Boyle has his hands full with Wright, whose life (1867-1959) was lived out loud and in full-cap headlines. Although there were doubtless many women, the four chronicled here are: Kitty, his first young wife, faithful and loyal, mother of six children. Kitty was left behind when Wright met Mamah Cheney, his intellectual equal and likely the great love of his life. Her tragic end at Taliesin, the home he built for her, colored his next relationship with Miriam Noel, a drug-addicted, self-involved nutcase who accused him of preferring to grieve the dead Mamah instead of attending to the living — and heavy-breathing — Miriam.
Miriam caused Wright no end of trouble, trying to have him arrested for adultery, the Mann Act, moral turpitude and anything else she could get the papers to print. Journalists had a field day with the antics of Wright and his women in their "Love Bungalows" and "Sin Nests."
The last of the women was Olgivanna, a Montenegrin dancer and disciple of Gurdjieff, the Greek-Armenian mystic and spiritual teacher. Gurdjieff's disciples were nothing if not narcissists. Olgivanna received the worst that Miriam could dish out because Miriam and Frank were still married when Olgivanna became pregnant with his child.
There is no shortage of detail in Boyle's story, much of it repetitious and boring. Money borrowed and never repaid; shunning by "decent" people because of Wright's sexual peccadilloes; the resultant loss of commissions; fights with all the women and great makeup sex. All make for gossipy fun, but it's too much by half.

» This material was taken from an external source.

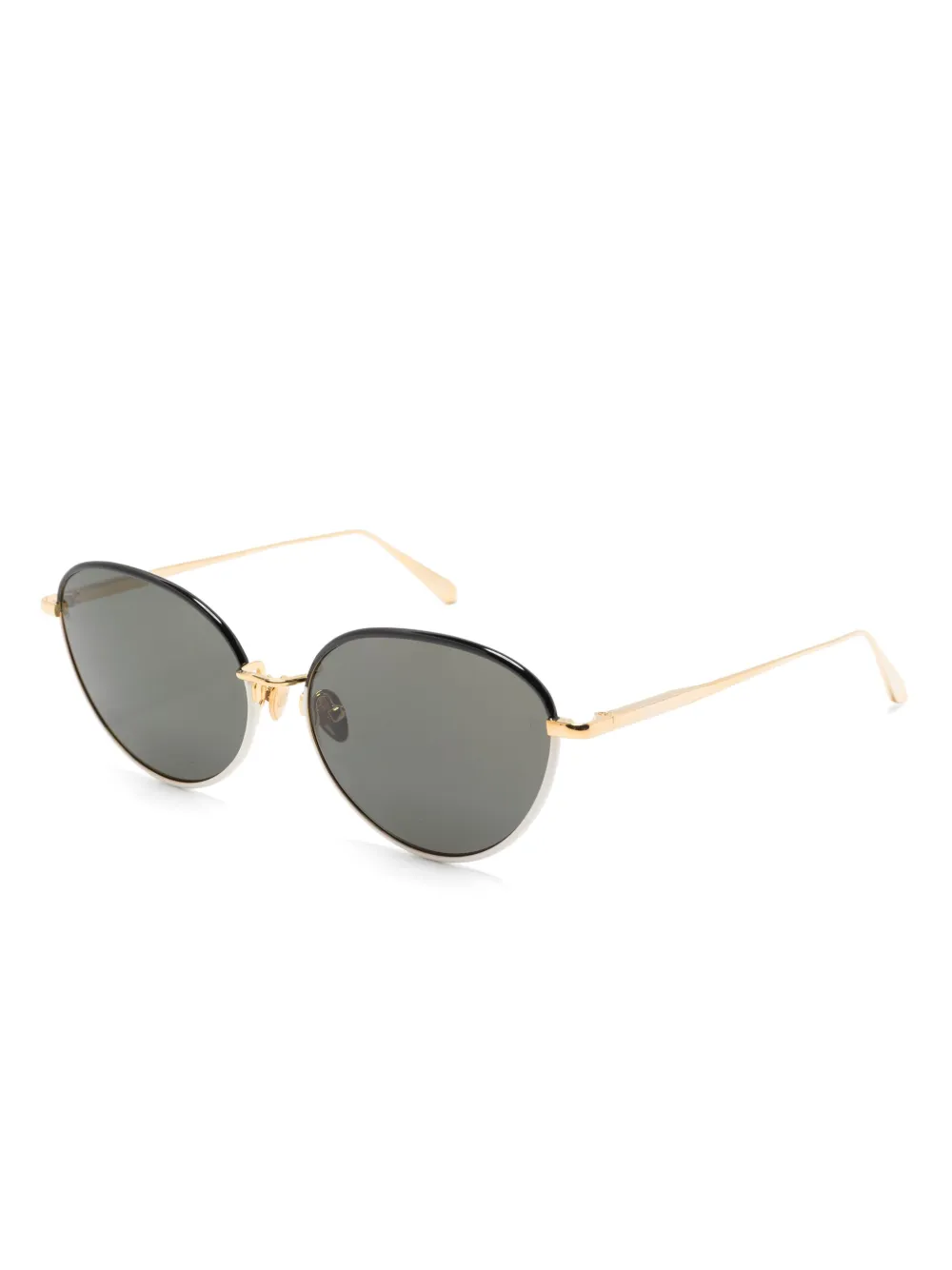 zwart/wit/goudkleurig titanium cat-eye montuur gekleurde glazen neuskussentjes rechte pootjes gebogen uiteinden Deze bril wordt verkocht met een beschermhoes.

One cavil about style: there is a narrative device that is intrusive rather than illustrative. The novel purports to be written by a Japanese student of Wright's, Sato Tadashi, now grown older, and Sato's granddaughter's husband, Flaherty-san. This gives Boyle latitude to add endless footnotes, none of which contribute to the story except to overburden it with useless detail, such as Sato's fondness for "sweet bean dumplings ... resembling the glow of sunrise."
Although the novel is about "The Women," they exist only as acolytes surrounding the master. He treated his students and his women much the same, requiring them always to serve his genius, whatever it required. The only woman you would want to meet is Mamah, whose story was told by San Juan Islands novelist Nancy Horan in "Loving Frank." Mamah was a wife and mother when she left her life behind and ran away with Wright. Deeply conflicted, she nevertheless continued her intellectual pursuits and maintained contact with her children until she perished in the fire at Taliesin.
Frank Lloyd Wright believed himself to be a genius, and perhaps he was. He certainly changed forever the dimensions of American architecture. Because of this unshakable belief in himself, he thought that ordinary rules were not made for him, so why acknowledge them? Why stay within the bounds of a stale marriage when he has met his soul mate? Why wait for one liaison to be neatly finessed before beginning another?
His flamboyance, arrogance, charm, ebullience and lack of financial responsibility are all writ large in this story of his women and of course, himself.
Valerie Ryan owns the Cannon Beach Book Co. in Cannon Beach, Ore.